*Stored data*:
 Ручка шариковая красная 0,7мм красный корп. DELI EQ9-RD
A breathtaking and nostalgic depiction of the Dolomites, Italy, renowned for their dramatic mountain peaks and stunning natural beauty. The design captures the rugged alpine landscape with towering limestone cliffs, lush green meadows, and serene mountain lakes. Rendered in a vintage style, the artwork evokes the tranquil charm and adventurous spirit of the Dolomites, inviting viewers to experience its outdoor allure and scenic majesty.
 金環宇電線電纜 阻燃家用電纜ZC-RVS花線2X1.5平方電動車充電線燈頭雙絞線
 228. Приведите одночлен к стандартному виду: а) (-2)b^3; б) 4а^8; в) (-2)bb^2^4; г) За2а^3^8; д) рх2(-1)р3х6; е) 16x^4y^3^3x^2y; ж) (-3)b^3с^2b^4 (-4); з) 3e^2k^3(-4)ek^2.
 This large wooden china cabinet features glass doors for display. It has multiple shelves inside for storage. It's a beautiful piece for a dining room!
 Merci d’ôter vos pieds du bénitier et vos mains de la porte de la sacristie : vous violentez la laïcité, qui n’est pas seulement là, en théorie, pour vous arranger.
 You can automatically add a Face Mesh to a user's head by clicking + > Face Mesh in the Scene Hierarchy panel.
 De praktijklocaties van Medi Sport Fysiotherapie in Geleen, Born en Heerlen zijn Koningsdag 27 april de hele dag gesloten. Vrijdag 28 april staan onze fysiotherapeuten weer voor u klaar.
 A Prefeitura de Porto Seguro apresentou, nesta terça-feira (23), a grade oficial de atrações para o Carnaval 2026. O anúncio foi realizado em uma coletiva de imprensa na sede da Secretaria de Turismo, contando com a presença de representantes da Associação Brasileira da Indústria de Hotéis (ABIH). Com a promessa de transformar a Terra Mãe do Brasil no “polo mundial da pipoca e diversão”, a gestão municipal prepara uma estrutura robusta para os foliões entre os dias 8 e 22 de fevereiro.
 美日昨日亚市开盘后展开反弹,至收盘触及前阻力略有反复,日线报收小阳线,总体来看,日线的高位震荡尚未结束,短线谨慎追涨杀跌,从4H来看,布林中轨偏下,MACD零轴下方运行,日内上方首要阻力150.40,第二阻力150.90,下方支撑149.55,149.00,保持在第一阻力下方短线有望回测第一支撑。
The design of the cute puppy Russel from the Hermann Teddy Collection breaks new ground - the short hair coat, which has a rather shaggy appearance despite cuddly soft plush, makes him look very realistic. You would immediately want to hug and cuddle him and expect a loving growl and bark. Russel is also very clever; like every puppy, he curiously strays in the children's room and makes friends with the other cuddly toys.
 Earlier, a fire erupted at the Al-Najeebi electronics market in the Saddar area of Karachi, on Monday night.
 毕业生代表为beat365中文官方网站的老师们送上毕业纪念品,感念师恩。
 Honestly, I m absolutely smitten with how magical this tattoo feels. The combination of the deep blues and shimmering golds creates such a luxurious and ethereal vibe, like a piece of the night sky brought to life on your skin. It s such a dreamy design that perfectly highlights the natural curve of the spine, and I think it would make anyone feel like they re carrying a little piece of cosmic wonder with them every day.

*Requirement*: Only lines that include "piece" belong in the answer; copy all of them from the listing.

*Task result*:
 This large wooden china cabinet features glass doors for display. It has multiple shelves inside for storage. It's a beautiful piece for a dining room!
 Honestly, I m absolutely smitten with how magical this tattoo feels. The combination of the deep blues and shimmering golds creates such a luxurious and ethereal vibe, like a piece of the night sky brought to life on your skin. It s such a dreamy design that perfectly highlights the natural curve of the spine, and I think it would make anyone feel like they re carrying a little piece of cosmic wonder with them every day.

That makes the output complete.